Sunday, June 13, 2004

Egad, I got sunburned doing a 20 mile ride today. Who'da thunk? Since I was going so short, I didn't bother with sunscreen or rolling up my sleeves to avoid a farmers tan. But red as rain are my arms, stopping halfway up my cyclists biceps (read: none). But seeing as it was reasonably warm today and it was an urban ride with no shade, and seeing as I got a flat and patched it in the bright sunlight, I shouldn't be too surprised. Maybe I'll go out again tomorrow to try to right this wrong.

Field of Dreams was on network TV last night and I watched it. It is so embarassing to count it as one of my favorite films of all time. It's not a sophisticated film. It's a shameless tear-jerker, albeit not a conventional one. Theoretically, the film shouldn't "work". The lines, the progression, the ideas - write them down on paper and they don't work, they're hokey, they're campy, they're pedestrian, they're "what the hell, who's gonna buy this?". But it's bold, it doesn't care, the film was made and the delivery is nothing short of sophisticated. Something worked.
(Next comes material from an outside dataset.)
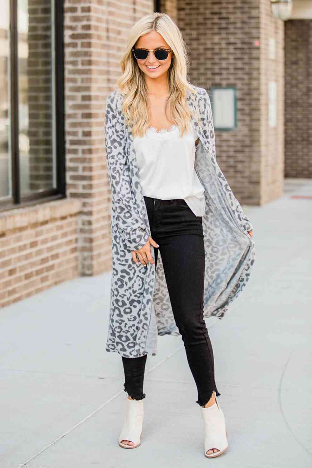 Upgrade your wardrobe with our Open Front Leopard Cardigan. This basic style is perfect for any occasion, with its normal thickness and unlined body providing comfort and versatility. Stay on trend with this must-have piece!

I remember when it came out. I was spending the Summer of 1989 alone and isolated in a house in Oberlin, Ohio, writing and recording doomy songs on 4-track. I saw it at the Apollo theater in "downtown" Oberlin one night, and afterwards, all I could do was get on my bike and ride and ride, ride out of town on the flat, straight roads that were sporadically lit. When I stopped at the reservoir, I just felt like melting into the starry Summer sky, just letting my being go, vast nothingness glow. So hokey.
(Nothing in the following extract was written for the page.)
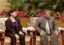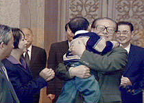 圖文:江澤民等中國(guó)領(lǐng)導(dǎo)人會(huì)見(jiàn)王偉親屬 2001年4月20日 19:15 ![]() 江澤民把王偉六歲的兒子摟在懷里 ![]() 王偉的父親王明、母親王月琴 ![]() 王偉的妻子阮國(guó)琴 中新網(wǎng)北京4月20日消息:中共中央總書(shū)記、國(guó)家主席、中央軍委主席江澤民,今天在北京人民大會(huì)堂會(huì)見(jiàn)了“?招l(wèi)士”王偉同志親屬及其生前所在部隊(duì)代表。 中共中央政治局常委、全國(guó)人大常委會(huì)委員長(zhǎng)李鵬,中共中央政治局常委、國(guó)務(wù)院總理朱镕基,中共中央政治局常委、中央書(shū)記處書(shū)記尉健行參加了會(huì)見(jiàn)。 中共中央政治局委員、中央書(shū)記處書(shū)記丁關(guān)根,中共中央政治局委員、中央軍委副主席張萬(wàn)年,中共中央政治局委員、中央軍委副主席遲浩田,中共中央政治局委員、國(guó)務(wù)院副總理錢(qián)其琛,中共中央政治局候補(bǔ)委員、中央書(shū)記處書(shū)記曾慶紅以及中央軍委委員于永波、王克、王瑞林、郭伯雄、徐才厚也參加了會(huì)見(jiàn)。 上午9時(shí)30分,江澤民等領(lǐng)導(dǎo)同志來(lái)到人民大會(huì)堂東大廳。王偉同志的妻子阮國(guó)琴、父親王明、母親王月琴、姐姐王琳,眼含熱淚迎上前去,緊緊握住江澤民等領(lǐng)導(dǎo)同志的手。江主席從阮國(guó)琴手中抱起王偉6歲的兒子,摟在懷里,孩子緊緊貼著江爺爺?shù)哪。江主席?dòng)情地說(shuō):“我在國(guó)外訪(fǎng)問(wèn)期間,每天都掛記著王偉同志的搜救情況,也很惦念你們?nèi)摇N易蛱煜挛鐒偝鲈L(fǎng)回來(lái),今天與在京的政治局常委、幾位政治局委員和軍委的同志一起來(lái)看望你們!蓖鮽ネ镜挠H屬和戰(zhàn)友、生前所在部隊(duì)代表趙宇,衷心感謝黨中央、國(guó)務(wù)院、中央軍委領(lǐng)導(dǎo)對(duì)他們的關(guān)心。 江澤民指出,王偉同志為了保衛(wèi)國(guó)家主權(quán)和安全,獻(xiàn)出了年輕的生命。他的犧牲是很英勇的,他平時(shí)的事跡也很突出,值得全軍官兵學(xué)習(xí)。中央軍委授予王偉同志“?招l(wèi)士”榮譽(yù)稱(chēng)號(hào),這是祖國(guó)和人民對(duì)王偉同志的最高褒獎(jiǎng),是全軍指戰(zhàn)員的光榮,也是你們?nèi)业墓鈽s。王偉同志的精神是永存的,人民會(huì)永遠(yuǎn)記住他。江澤民對(duì)王偉父母說(shuō),我要感謝你們?yōu)辄h和國(guó)家培養(yǎng)了一個(gè)好兒子。希望你們?nèi)依^承烈士遺志,養(yǎng)育好烈士的后代。 江澤民說(shuō),中國(guó)有12多億人口,我們對(duì)每一個(gè)人的生命都非常珍惜。人的生命只有一次,我非常理解你們失去親人的悲痛。撞機(jī)事件發(fā)生后,黨中央、國(guó)務(wù)院、中央軍委對(duì)王偉同志的安危極為關(guān)切,要求不惜一切代價(jià),動(dòng)用一切手段組織搜救。在十多天的時(shí)間里,全國(guó)各族人民都牽掛著王偉同志。這充分說(shuō)明,中華民族是有強(qiáng)大凝聚力的。 江澤民指出,這次撞機(jī)事件的發(fā)生,根本原因是美國(guó)多年來(lái)派飛機(jī)在我國(guó)近?沼?qū)嵤┪:ξ覈?guó)安全的偵察活動(dòng)。這件事情現(xiàn)在并未完全了結(jié)。我們要求美國(guó)對(duì)此次事件承擔(dān)責(zé)任。美國(guó)只有停止在我國(guó)近?沼蜻M(jìn)行偵察活動(dòng),才能防止類(lèi)似事件再次發(fā)生。這個(gè)要求是完全正當(dāng)?shù)摹?/b> 江澤民指出,中國(guó)人民是愛(ài)好和平的人民,中國(guó)政府奉行獨(dú)立自立的和平外交政策。我們歷來(lái)重視中美關(guān)系,一直強(qiáng)調(diào)站在戰(zhàn)略的高度對(duì)待和處理兩國(guó)關(guān)系。我們不希望對(duì)抗。但是在涉及國(guó)家主權(quán)、領(lǐng)土完整和民族尊嚴(yán)的問(wèn)題上,我們也絕不會(huì)讓步。 江澤民說(shuō),全國(guó)各族人民要把強(qiáng)烈的愛(ài)國(guó)熱情化為巨大的強(qiáng)國(guó)力量,努力推進(jìn)改革開(kāi)放和現(xiàn)代化建設(shè)事業(yè),不斷增強(qiáng)我國(guó)的經(jīng)濟(jì)實(shí)力、國(guó)防實(shí)力和民族凝聚力。 王偉同志的妻子阮國(guó)琴激動(dòng)地說(shuō),王偉失蹤后,江主席、黨中央、中央軍委十分關(guān)心,海軍和地方有關(guān)部門(mén)全力組織搜救。今天江主席和黨中央、中央軍委首長(zhǎng)又親切接見(jiàn)我們,這是給予王偉的崇高榮譽(yù),是對(duì)我們?nèi)业挠H切關(guān)懷和厚愛(ài)。王偉是為保衛(wèi)祖國(guó)而犧牲的,他死得其所,我一定按照江主席的教誨,化悲痛為力量,繼承王偉的遺志,努力工作,為黨和人民作出新的貢獻(xiàn)。我們一定要好好培養(yǎng)好孩子,讓他健康成長(zhǎng),作王偉精神的傳人。 王偉的父親王明表示,這些日子,我們?nèi)沂直,也非常激?dòng)。江主席和黨中央、中央軍委以及各級(jí)領(lǐng)導(dǎo)、社會(huì)各界,給予我們?nèi)覠o(wú)微不至的關(guān)懷。江主席出國(guó)訪(fǎng)問(wèn)剛回來(lái),就親切接見(jiàn)我們,我們感到十分溫暖。王偉不僅是我的兒子,更是黨和人民的兒子,他一直是在部隊(duì)的教育培養(yǎng)下成長(zhǎng)起來(lái)的。他為國(guó)犧牲,我們?nèi)腋械焦鈽s。作為王偉的父母,我們一定要堅(jiān)強(qiáng)起來(lái),教育后代永遠(yuǎn)像王偉那樣,愛(ài)黨愛(ài)國(guó)家。 海軍司令員石云生、政委楊懷

I always thought it was the connection and belief that got me. Keying into something inexplicable, but believing so hard that nothing is unbelievable; a feeling so pure that there's not even a consideration of cynicism. And, oh, the moments, the one-liners that resonate and if executed short of perfect wouldn't have worked. "Hi, I'm Archie Graham", "Daddy, there's a man on the lawn", "I had the same dream", "Sorry", and that whole end sequence. Wow. No other film has ever had me feel like I was being thoroughly brain-washed to believe this thing that was beyond all credibility. I mean, why not believe that these things can happen? Why not believe in magic?